Our plane back to Phoenix, a 747-400, was a larger, older model. While walking to my designated seat, I stepped on and crushed two plastic cups that were in the middle of the aisle. I guess the flight attendants forgot to clean up before we boarded. The seats measured out smaller, a 38 degree pitch with an 18 ½ width. Not much leg room or an ability to be comfortable during the long flight home to Phoenix. On the upside, our seats were limited to two instead of the four crowded seats located in the center of the plane. Dingy doilies, the size of a handkerchief were on each headrest along with a dirty ragged blanket and pillow. To make matters worse, my window shade was stuck shut. The seatback T.V. screens were small in comparison to the individual iPads offered on our flight to Paris. This plane’s interior was noticeably shabby and in serious need of repair.
On our flight back, the lunch menu consisted of one appetizer—a bland and unsavory potato salad. The main courses, a seared fillet of British beef or roasted corn-fed chicken was difficult to look at, let alone eat. The only portion I ate consisted of a mashed sweet potato which held me over for the duration (10 ½ hours). My companion pushed his tray aside after two bites.
I talked with a flight attendant about their quality of food and why they were still flying the antique 747 plane. She assured me that they were about to retire this model and buy some new ones, however she had no answer concerning BA’s quality of food. I think if more travelers voiced their opinions to the airlines, they would have to change their ways. (Send your email to CEO: firstname.lastname@example.org). After all, we pay high prices for International airline tickets and in turn we should be cared for, which includes our comfort, a healthy environment, and nutritious food.

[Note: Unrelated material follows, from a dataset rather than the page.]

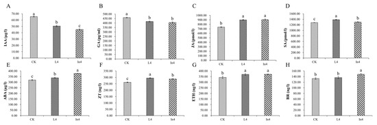 The concentrations of auxin (IAA), gibberellin (GA), ethylene (ETH), abscisic acid (ABA), jasmonic acid (JA), salicylic acid (SA), brassinosteroid (Br), and zeatin (ZT) were significantly differentially expressed (p < 0.01) in all treatments (Supplementary Table S1). In addition, IAA and GA concentrations of the CK were significantly higher than in the two supplementary light treatments (Figure 2A,B). On the other hand, the levels of ETH, ABA, JA, SA, Br, and ZT in the CK treatment were significantly lower than those in the supplementary light treatments (Figure 2C–H). Furthermore, the IAA concentration of In4 treatment had the lowest level among all treatments, but ABA and Br were significantly higher under the In4 treatment than those in the other treatments. In the L4 treatment, the contents of JA, SA, ZT, and ETH were the highest among all treatments.

Before we booked our tickets, several people said, “British Airways are the best. You must fly with them.” I hate to think of what their competitors offer, or maybe they used to set precedence and need to live up to their current seared reputation.
FYI: I do have one complement about the old 747’s: the restrooms are still small with the usual odors, but seem to have more leg room than most other planes. How sad is that?